## [STORED DATA]
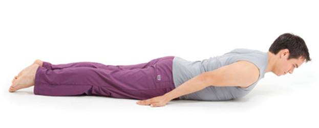 Unlike other variations of bhujangasana, in which the arms can help raise the back, this version requires the back muscles to do all the work. As a result, this pose helps strengthen many of the muscles that tend to be weakened and stretched by forward head position, including the middle and lower trapezius, latissimus dorsi, rhomboids, and serratus posterior. Lying on your belly, bring your arms down by your sides, palms facing down, and your chin or your forehead to the floor (you can place a small folded towel under your forehead if you like). Root down through your pubic bone, and press your legs and the tops of your feet down into the earth, lengthening back through your feet. Find your breath. On an inhalation, lift your head, neck, shoulders, and upper back as high as you comfortably can, keeping the hands on the floor. The goal is to create a slight backbend in the upper spine without stressing the low back. On an exhalation, relax everything back down. Continue with this practice, inhaling up and exhaling down for 3 to 6 breaths. For an extra challenge, stay in the lifted pose for several slow, deep breath cycles. Be sure to keep your neck long so that you’re not just cranking your neck up and down but using your back muscles to lift the back and shoulders; imagine that you have an eye in the back of your neck, and try to keep that imaginary eye wide open. Arm Variation: Clasp your hands behind your back, keeping the elbows soft. On an inhalation—as you lift your back, shoulders, and head—also lift your clasped hands up away from the tailbone and extend your arms back. Allow this action to help draw the shoulders back, and invite the arms to straighten without locking the elbows.
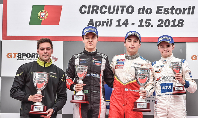 Velocidade no Asfalto Com uma vitória e um segundo lugar, Felipe Drugovich é líder do Euroformula Open Por Eni Alves Publicado em 16 de abril de 2018 Compartilhar no Facebook Compartilhar no Twitter Compartilhar no Google+ Compartilhar no Pinterest Brasileiro da RP Motorsport é o único piloto a alcançar o pódio nas duas corridas da etapa de abertura da temporada em Portugal Felipe Drugovich é líder do campeonato após com vitória e segundo lugar Foi de Felipe Drugovich o desempenho mais positivo nas duas corridas que marcaram sábado (14) e domingo (15), no circuito português de Estoril, a abertura da temporada de 2018 do Euroformula Open. O piloto brasileiro da RP Motorsport venceu a primeira prova do fim de semana de ponta a ponta, depois de largar da pole position. Na segunda, largando em terceiro, cruzou a linha de chegada em segundo, a 0s276 do vencedor argentino Marcos Siebert. O desempenho na primeira das oito etapas do Euroformula Open valeu ao paranaense de 17 anos a liderança do campeonato. Único piloto a alcançar o pódio nas duas provas portuguesas, ele totalizou 44 pontos, seis a mais que o vice-líder, e firmou seu nome na lista dos principais candidatos ao título da categoria, que prevê as corridas de sua segunda etapa na França, no circuito de Paul Ricard, nos dias 5 e 6 de maio. Na tomada de tempos que definiu o grid da segunda corrida, disputada com pista molhada, Drugovich assegurou o terceiro lugar, a 0s011 do romeno Petru Florescu, pole position, e a 0s010 de Siebert. O piloto brasileiro da RP Motorsport repetiu na prova deste domingo a estratégia que o levou à vitória no sábado, de poupar o equipamento – sobretudo os pneus – visando manter nas voltas finais o nível de competitividade verificado durante toda a etapa. Na quarta volta de corrida, Drugovich ultrapassou o alemão Jannes Fittje e voltou ao terceiro lugar de largada. Três voltas depois, assumiu o segundo lugar superando Florescu. Imprimindo um ritmo forte, o piloto brasileiro passou a registrar tempos de volta mais rápidos que o líder. Com isso, a diferença caiu de 4s a 0s7 de segundo a três voltas da bandeirada final. Com mais de cinco segundos de vantagem sobre o holandês Bent Viscaal, que terminaria em terceiro lugar, o brasileiro ensaiou a manobra de ultrapassagem três vezes na última volta – Siebert chegou a bloquear as rodas de seu carro ao defender a liderança pela linha interna do traçado ao fim da reta dos boxes. EUROFORMULA OPEN – ETAPA DE PORTUGAL (Resultado final da segunda corrida após 19 voltas) 1º) Marcos Siebert (ARG/Campos Racing), 30min34s156 2º) Felipe Drugovich (BRA/RP Motorsport), a 0s276 3º) Bent Viscaal (HOL/Teo Martin Motorsport), a 5s425 4º) Jannes Fittje (ALE/Drivex School), a 13s287 5º) Petru Florescu (ROM/Fortec Motorsport), a 13s422 6º) Cameron Das (EUA/Carlin Motosport), a 14s313 7º) Matheus Iorio (BRA/Carlin Motorsport), a 15s279 8º) Guilherme Samaia (BRA/RP Motorsport), a 28s657 9º) Alex Karkosik (POL/Campos Racing), a 28s939 10º) Aldo Festante (ITA/RP Motorsport), a 31s099 11º) Calan Williams (AUS/Fortec Motorsport), a 32s497 12º) Lukas Dunner (AUT/Drivex School), a 34s874 13º) Michaël Benyhaia (MAR/RP Motorsport), a 37s193 14º) Moritz Müller-Crepon (CHE/Teo Martin Motorsport), a 39s565 15º) Yves Baltas (EUA/Campos Racing), a 1min34s442 NÃO COMPLETOU Christian Hahn (BRA/Drivex School), a 16 voltas Melhor volta: Siebert, na 3ª, 1min35s144, média de 158,245 km/h A temporada do Euroformula Open terá sequência em Le Castellet, na França. As provas da segunda etapa, no circuito de Paul Ricard, vão acontecer nos dias 5 e 6 de maio. Após duas corridas, a classificação do campeonato é: 1º) Felipe Drugovich, 44 pontos; 2º) Marcos Siebert, 38; 3º) Bent Viscaal, 25; 4º) Cameron Das e Matheus Iorio, 24; 6º) Jannes Fittje, 16; 7º) Petru Florescu, 11; 8º) Guilherme Samaia, 10; 9º) Lukas Dunner, 8; 9º) Alex Karkosik, 2. Grelak Comunicação – Fotos: reprodução Euroformula Open)
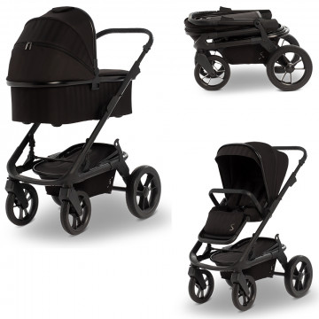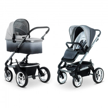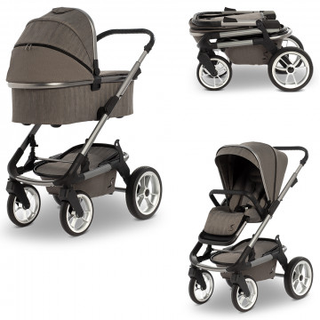 Прочное и лёгкое универсальное шасси сделано из алюминия. На раму реверсивно устанавливаются все модули бренда. Конструкцию можно компактно сложить, её удобно переносить и хранить в квартире или багажнике машины. Надувные каучуковые колёса устойчивы к проколам и износу. Передние поворотные колёса можно фиксировать при необходимости. Родительская ручка обтянута мягкой экокожей, регулируется по высоте. Модель дополнена большой багажной корзиной для вещей малыша и мамы.
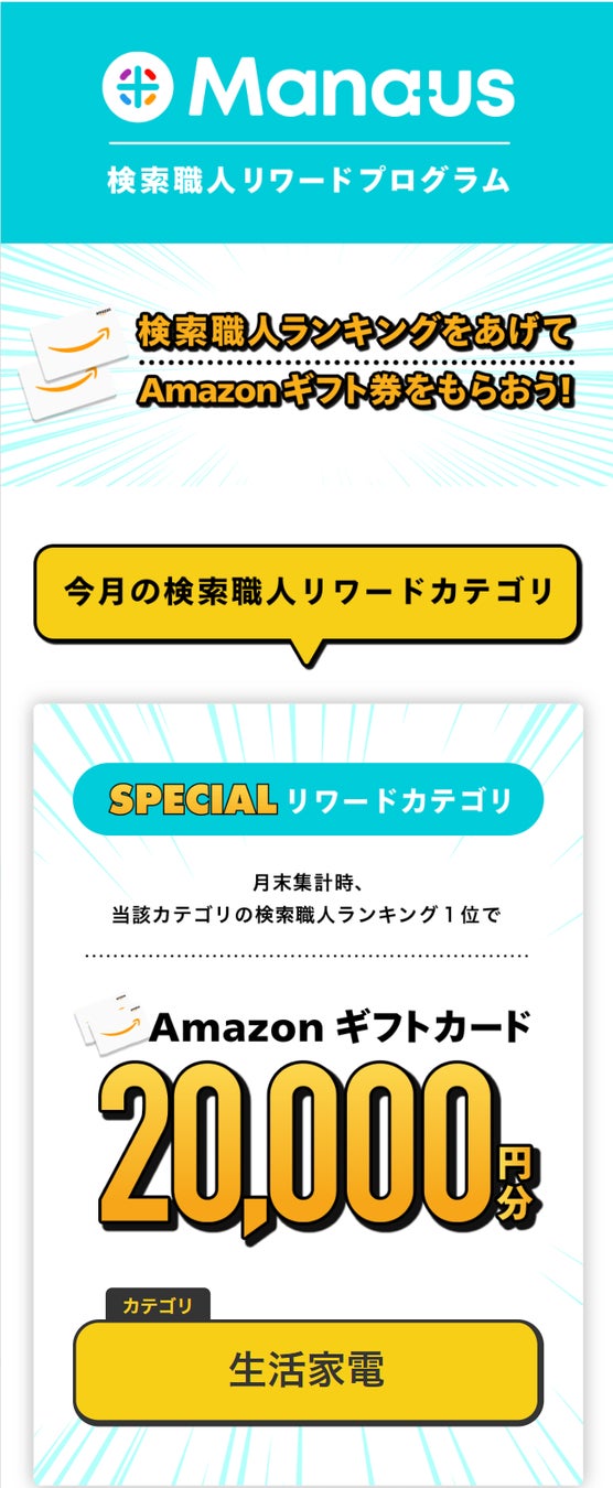 Mana-usでは検索職人リワードプログラムを実施中!「今月のリワードカテゴリ」の検索職人ランキング1位の検索職人ユーザー様にAmazonギフト1万円分を毎月プレゼントしています。

## [TASK REQUIREMENTS]
Each line from the line containing "Прочное и лёгкое" through the final line of the data above must be retyped exactly; nothing else, and no pictures, may appear.

## [ANSWER SPACE]
 Прочное и лёгкое универсальное шасси сделано из алюминия. На раму реверсивно устанавливаются все модули бренда. Конструкцию можно компактно сложить, её удобно переносить и хранить в квартире или багажнике машины. Надувные каучуковые колёса устойчивы к проколам и износу. Передние поворотные колёса можно фиксировать при необходимости. Родительская ручка обтянута мягкой экокожей, регулируется по высоте. Модель дополнена большой багажной корзиной для вещей малыша и мамы.
 Mana-usでは検索職人リワードプログラムを実施中!「今月のリワードカテゴリ」の検索職人ランキング1位の検索職人ユーザー様にAmazonギフト1万円分を毎月プレゼントしています。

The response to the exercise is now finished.